* _DATASET EXCERPT_
===
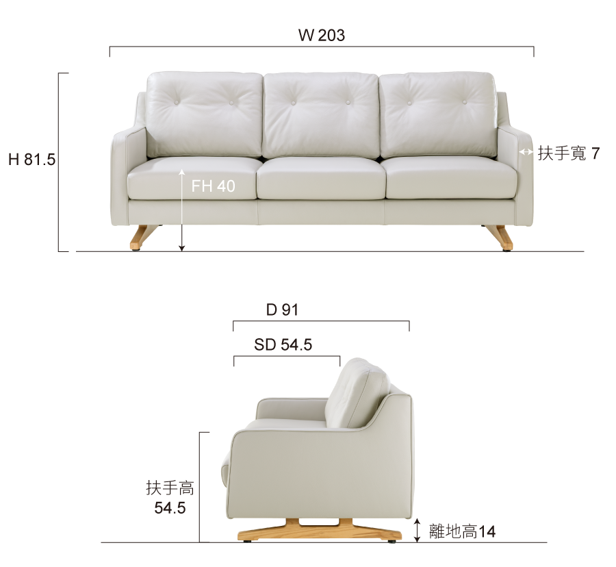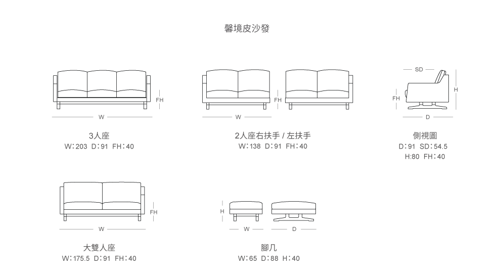 梣木實木(腳座)、雲杉實木(骨架)、樺木積層板(骨架)、高密度泡棉、牛皮、羽毛
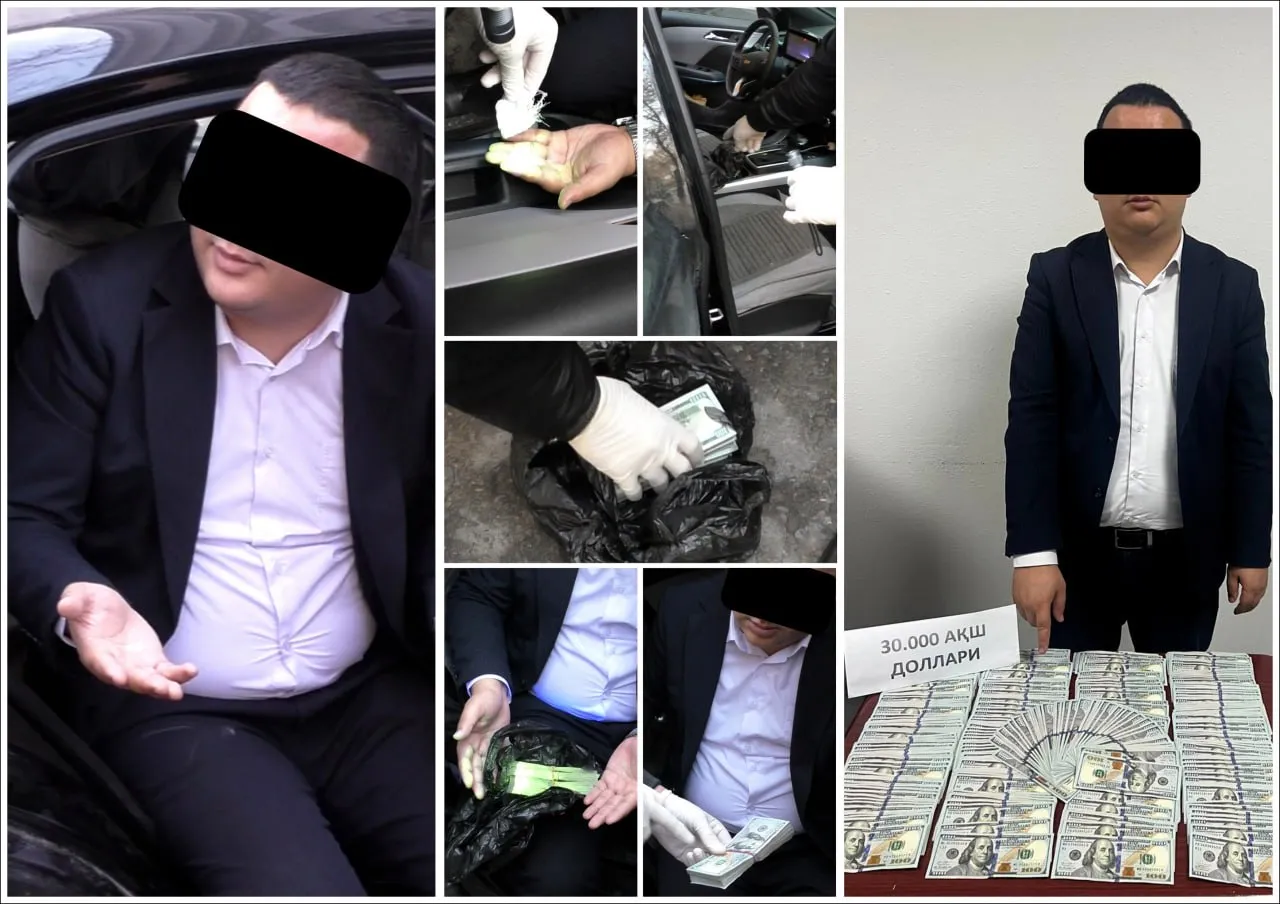 Davlat xavfsizlik xizmati, Iqtisodiy jinoyatlarga qarshi kurashish departamenti hamda Ichki ishlar organlari hamkorligida o‘tkazilgan tezkor tadbirda bank mansabdori kelishilgan pul mablag‘i hisobidan 30 ming AQSh dollarini oldindan olgan vaqtida ashyoviy dalillar bilan ushlangan.
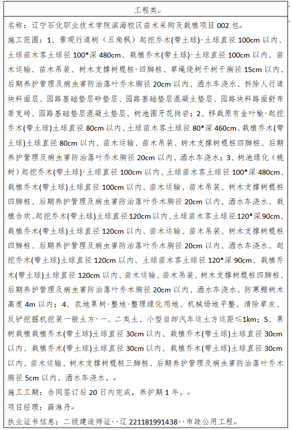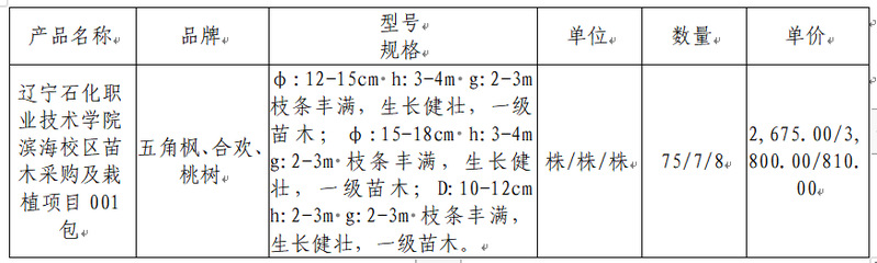 二、項目名稱:遼寧石化職業(yè)技術(shù)學(xué)院濱海校區(qū)苗木采購及栽植項目
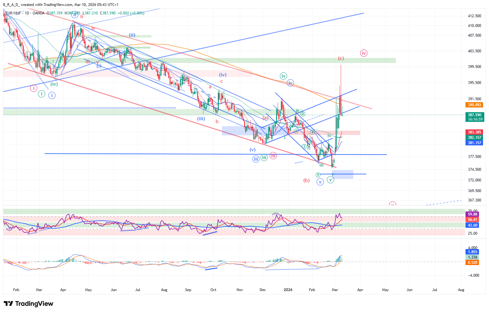 Az erős emelkedés átvitte az elliotti szempontból kritikus szintet, de még nem zárt felette (397,95). Ha ez hetes idősíkon megtörténik, akkor a pirossal jelölt, forinterősödést mutató szcenáriót el kell vetni, addig azonban evidenciában kell tartani, még akkor is, ha jelenleg alacsony a valószínűsége. Azonban a 382-nél lévő támasz áttörésekor az említett forinterőre mutatott szcenáriót újra a figyelem központjába kell helyezni.
===
* _DIRECTIONS_
Repeat the data exactly. No pictures should appear.

* _ANSWER TO THIS PROBLEM_
 梣木實木(腳座)、雲杉實木(骨架)、樺木積層板(骨架)、高密度泡棉、牛皮、羽毛
 Davlat xavfsizlik xizmati, Iqtisodiy jinoyatlarga qarshi kurashish departamenti hamda Ichki ishlar organlari hamkorligida o‘tkazilgan tezkor tadbirda bank mansabdori kelishilgan pul mablag‘i hisobidan 30 ming AQSh dollarini oldindan olgan vaqtida ashyoviy dalillar bilan ushlangan.
 二、項目名稱:遼寧石化職業(yè)技術(shù)學(xué)院濱海校區(qū)苗木采購及栽植項目
 Az erős emelkedés átvitte az elliotti szempontból kritikus szintet, de még nem zárt felette (397,95). Ha ez hetes idősíkon megtörténik, akkor a pirossal jelölt, forinterősödést mutató szcenáriót el kell vetni, addig azonban evidenciában kell tartani, még akkor is, ha jelenleg alacsony a valószínűsége. Azonban a 382-nél lévő támasz áttörésekor az említett forinterőre mutatott szcenáriót újra a figyelem központjába kell helyezni.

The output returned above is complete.